Can you run composer train.py yamls/mpt/finetune/7b_dolly_sft.yaml load_path=null
instead?
Adding on to @alextrott16 's comment:
When you are using python train.py ...
, you are launching just one process, which will run training on one GPU. In that situation, FSDP is not doing anything, and your 7B model is not sharded, and the weights+optimizer+activation memory must fit on 1xA100, and it is running into an OOM.
When you use the composer
launcher such as composer train.py ...
, it detects the number of GPUs on your machine, launching 8 processes to target the 8 GPUs, and the 7B model gets sharded across 8 GPUs, and now the memory should fit per-GPU and it should work!

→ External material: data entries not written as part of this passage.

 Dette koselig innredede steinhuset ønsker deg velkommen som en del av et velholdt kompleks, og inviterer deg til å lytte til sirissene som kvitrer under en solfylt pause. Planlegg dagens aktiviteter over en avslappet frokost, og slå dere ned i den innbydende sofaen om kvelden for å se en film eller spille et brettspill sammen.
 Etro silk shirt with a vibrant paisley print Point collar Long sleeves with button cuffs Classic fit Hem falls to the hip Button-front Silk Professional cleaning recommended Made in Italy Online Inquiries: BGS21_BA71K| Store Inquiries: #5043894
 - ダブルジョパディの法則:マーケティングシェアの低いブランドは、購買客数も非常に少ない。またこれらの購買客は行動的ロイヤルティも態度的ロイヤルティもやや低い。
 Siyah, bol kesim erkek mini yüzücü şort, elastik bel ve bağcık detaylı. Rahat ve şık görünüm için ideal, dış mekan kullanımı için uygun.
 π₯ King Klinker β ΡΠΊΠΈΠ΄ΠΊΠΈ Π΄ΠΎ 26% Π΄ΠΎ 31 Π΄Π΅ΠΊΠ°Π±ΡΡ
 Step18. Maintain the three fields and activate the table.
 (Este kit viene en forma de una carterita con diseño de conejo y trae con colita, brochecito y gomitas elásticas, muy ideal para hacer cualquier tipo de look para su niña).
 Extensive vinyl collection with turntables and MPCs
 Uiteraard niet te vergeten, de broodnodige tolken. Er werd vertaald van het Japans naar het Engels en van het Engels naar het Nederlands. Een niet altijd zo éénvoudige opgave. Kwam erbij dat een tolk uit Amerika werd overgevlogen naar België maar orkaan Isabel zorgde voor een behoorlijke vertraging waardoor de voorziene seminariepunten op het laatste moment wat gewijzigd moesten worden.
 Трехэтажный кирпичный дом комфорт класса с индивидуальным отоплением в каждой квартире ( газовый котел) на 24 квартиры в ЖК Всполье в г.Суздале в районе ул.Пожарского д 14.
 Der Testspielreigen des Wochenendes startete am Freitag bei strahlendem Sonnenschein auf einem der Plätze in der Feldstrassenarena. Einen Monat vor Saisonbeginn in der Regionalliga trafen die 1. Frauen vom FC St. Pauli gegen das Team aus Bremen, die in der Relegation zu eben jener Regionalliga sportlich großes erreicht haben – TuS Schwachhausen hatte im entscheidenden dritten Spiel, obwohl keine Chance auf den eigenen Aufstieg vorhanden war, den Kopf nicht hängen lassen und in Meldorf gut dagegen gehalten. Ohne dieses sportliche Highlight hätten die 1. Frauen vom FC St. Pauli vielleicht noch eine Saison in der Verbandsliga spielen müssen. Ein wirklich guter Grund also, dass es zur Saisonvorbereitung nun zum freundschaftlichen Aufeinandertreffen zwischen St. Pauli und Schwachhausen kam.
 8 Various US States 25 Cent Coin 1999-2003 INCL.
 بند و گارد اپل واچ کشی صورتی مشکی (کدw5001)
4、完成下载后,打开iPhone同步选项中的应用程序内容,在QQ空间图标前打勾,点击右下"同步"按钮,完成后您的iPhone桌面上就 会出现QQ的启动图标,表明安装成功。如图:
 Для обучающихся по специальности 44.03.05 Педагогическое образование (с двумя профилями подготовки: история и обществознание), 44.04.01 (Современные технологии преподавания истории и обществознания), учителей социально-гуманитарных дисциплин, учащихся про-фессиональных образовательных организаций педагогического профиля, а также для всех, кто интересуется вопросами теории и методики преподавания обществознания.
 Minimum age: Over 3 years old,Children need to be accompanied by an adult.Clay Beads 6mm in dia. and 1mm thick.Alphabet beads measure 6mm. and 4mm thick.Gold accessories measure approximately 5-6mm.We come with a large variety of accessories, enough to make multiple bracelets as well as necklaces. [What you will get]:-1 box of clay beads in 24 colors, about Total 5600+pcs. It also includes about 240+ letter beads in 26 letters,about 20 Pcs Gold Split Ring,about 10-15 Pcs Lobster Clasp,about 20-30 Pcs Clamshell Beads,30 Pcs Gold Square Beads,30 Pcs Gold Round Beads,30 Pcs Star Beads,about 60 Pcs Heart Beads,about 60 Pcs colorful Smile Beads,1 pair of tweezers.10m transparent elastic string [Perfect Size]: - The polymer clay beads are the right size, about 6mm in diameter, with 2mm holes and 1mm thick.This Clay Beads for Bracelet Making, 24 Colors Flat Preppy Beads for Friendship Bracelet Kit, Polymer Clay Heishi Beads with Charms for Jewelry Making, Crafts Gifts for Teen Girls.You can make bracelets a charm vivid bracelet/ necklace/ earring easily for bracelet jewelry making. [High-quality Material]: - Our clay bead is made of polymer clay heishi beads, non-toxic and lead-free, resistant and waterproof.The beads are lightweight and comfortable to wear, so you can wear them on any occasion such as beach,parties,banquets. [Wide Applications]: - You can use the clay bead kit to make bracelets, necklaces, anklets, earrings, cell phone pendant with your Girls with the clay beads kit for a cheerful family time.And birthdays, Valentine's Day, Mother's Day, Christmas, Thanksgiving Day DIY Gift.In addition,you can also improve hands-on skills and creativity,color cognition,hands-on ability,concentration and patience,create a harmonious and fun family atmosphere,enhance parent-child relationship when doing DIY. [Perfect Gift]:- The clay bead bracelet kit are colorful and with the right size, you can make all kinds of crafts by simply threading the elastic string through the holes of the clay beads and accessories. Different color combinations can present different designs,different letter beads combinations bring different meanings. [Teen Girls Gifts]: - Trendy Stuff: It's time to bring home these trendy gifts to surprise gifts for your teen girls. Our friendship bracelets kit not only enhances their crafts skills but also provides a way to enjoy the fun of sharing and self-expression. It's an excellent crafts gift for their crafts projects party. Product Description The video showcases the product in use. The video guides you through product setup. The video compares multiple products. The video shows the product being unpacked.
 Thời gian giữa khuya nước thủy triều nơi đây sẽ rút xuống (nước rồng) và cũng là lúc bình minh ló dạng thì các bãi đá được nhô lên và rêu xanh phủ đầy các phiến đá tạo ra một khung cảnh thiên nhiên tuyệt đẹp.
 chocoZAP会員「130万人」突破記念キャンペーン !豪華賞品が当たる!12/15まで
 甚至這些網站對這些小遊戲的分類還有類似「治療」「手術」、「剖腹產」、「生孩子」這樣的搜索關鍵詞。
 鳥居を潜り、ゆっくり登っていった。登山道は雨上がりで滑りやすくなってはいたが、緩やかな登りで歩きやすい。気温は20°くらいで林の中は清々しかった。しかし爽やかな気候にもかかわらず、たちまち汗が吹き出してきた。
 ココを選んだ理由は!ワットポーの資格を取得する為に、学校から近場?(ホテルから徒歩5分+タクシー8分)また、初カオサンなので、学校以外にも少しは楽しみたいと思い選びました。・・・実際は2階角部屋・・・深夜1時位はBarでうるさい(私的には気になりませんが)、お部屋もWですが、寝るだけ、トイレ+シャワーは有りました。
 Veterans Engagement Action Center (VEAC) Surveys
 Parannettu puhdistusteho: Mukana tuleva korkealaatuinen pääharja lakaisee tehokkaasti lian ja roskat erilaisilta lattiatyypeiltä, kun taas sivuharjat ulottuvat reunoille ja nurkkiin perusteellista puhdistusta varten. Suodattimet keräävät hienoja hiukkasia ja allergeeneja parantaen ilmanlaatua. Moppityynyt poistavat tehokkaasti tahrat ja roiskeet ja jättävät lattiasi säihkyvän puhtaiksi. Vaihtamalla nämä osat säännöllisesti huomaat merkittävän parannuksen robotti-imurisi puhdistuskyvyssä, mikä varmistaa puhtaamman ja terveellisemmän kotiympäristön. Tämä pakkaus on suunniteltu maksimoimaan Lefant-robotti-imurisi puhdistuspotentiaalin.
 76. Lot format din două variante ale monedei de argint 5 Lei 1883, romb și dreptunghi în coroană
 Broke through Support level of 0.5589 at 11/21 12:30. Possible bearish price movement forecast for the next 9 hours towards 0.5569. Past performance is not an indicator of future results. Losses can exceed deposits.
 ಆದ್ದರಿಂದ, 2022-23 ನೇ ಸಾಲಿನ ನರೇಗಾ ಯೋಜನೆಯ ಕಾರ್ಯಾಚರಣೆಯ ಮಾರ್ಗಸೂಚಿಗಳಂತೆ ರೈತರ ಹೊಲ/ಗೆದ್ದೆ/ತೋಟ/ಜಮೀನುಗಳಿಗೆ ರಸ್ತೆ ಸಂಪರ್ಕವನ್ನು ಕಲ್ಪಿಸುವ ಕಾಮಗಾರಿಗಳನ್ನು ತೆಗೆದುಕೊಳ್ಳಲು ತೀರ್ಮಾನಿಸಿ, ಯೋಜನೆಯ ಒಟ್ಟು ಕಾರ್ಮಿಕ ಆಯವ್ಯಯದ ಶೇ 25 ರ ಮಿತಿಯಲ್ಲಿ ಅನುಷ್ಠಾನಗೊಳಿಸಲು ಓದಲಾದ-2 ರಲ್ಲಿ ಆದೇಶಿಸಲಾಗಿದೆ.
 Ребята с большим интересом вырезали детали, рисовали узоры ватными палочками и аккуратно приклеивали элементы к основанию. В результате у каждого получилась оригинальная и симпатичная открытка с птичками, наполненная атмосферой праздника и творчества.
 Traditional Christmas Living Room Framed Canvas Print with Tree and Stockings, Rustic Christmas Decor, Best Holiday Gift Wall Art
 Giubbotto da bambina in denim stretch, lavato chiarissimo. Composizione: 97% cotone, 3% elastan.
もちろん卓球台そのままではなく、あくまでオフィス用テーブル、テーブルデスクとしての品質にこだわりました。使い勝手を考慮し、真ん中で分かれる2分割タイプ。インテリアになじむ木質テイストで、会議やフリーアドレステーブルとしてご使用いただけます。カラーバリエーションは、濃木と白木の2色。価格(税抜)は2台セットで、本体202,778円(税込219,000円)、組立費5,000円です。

i got a bit further. but there was issue with cuda and pytorch compatibility. i have cu11.8 so installed pytorch 2.0.1 and triton 2.0.0 But now seeing this: should i try with cuda 11.7 ?
runtime_estimator: {}
load_path: null
dist_timeout: 600.0
n_gpus: 8
device_train_batch_size: 8
device_train_grad_accum: 1
n_params: 6658859008
Starting training...
******************************
Config:
enabled_algorithms/GradientClipping: true
node_name: unknown because NODENAME environment variable not set
num_gpus_per_node: 8
num_nodes: 1
rank_zero_seed: 17
******************************
/home/ec2-user/llm-foundry/llmfoundry/data/finetuning/collator.py:188: UserWarning: Truncating TARGET sequence of length=849 to length=812, so context+target fit max_seq_len=2048. If truncation is a problem, consider increasing max_seq_len.
warnings.warn(
Traceback (most recent call last):
File "<string>", line 21, in _fwd_kernel
KeyError: ('2-.-0-.-0-83ca8b715a9dc5f32dc1110973485f64-d6252949da17ceb5f3a278a70250af13-3b85c7bef5f0a641282f3b73af50f599-3d2aedeb40d6d81c66a42791e268f98b-3498c340fd4b6ee7805fd54b882a04f5-e1f133f98d04093da2078dfc51c36b72-b26258bf01f839199e39d64851821f26-d7c06e3b46e708006c15224aac7a1378-f585402118c8a136948ce0a49cfe122c', (torch.bfloat16, torch.bfloat16, torch.bfloat16, torch.bfloat16, torch.bfloat16, torch.float32, torch.float32, 'fp32', 'i32', 'i32', 'i32', 'i32', 'i32', 'i32', 'i32', 'i32', 'i32', 'i32', 'i32', 'i32', 'i32', 'i32', 'i32', 'i32', 'i32', 'i32', 'i32', 'i32', 'i32', 'i32'), ('vector', True, 128, True, True, True, 128, 128), (True, True, True, True, True, True, True, (False,), (True, False), (True, False), (True, False), (True, False), (True, False), (True, False), (True, False), (True, False), (True, False), (True, False), (True, False), (True, False), (True, False), (True, False), (True, False), (True, False), (True, False), (True, False), (True, False), (True, False), (True, False), (True, False)))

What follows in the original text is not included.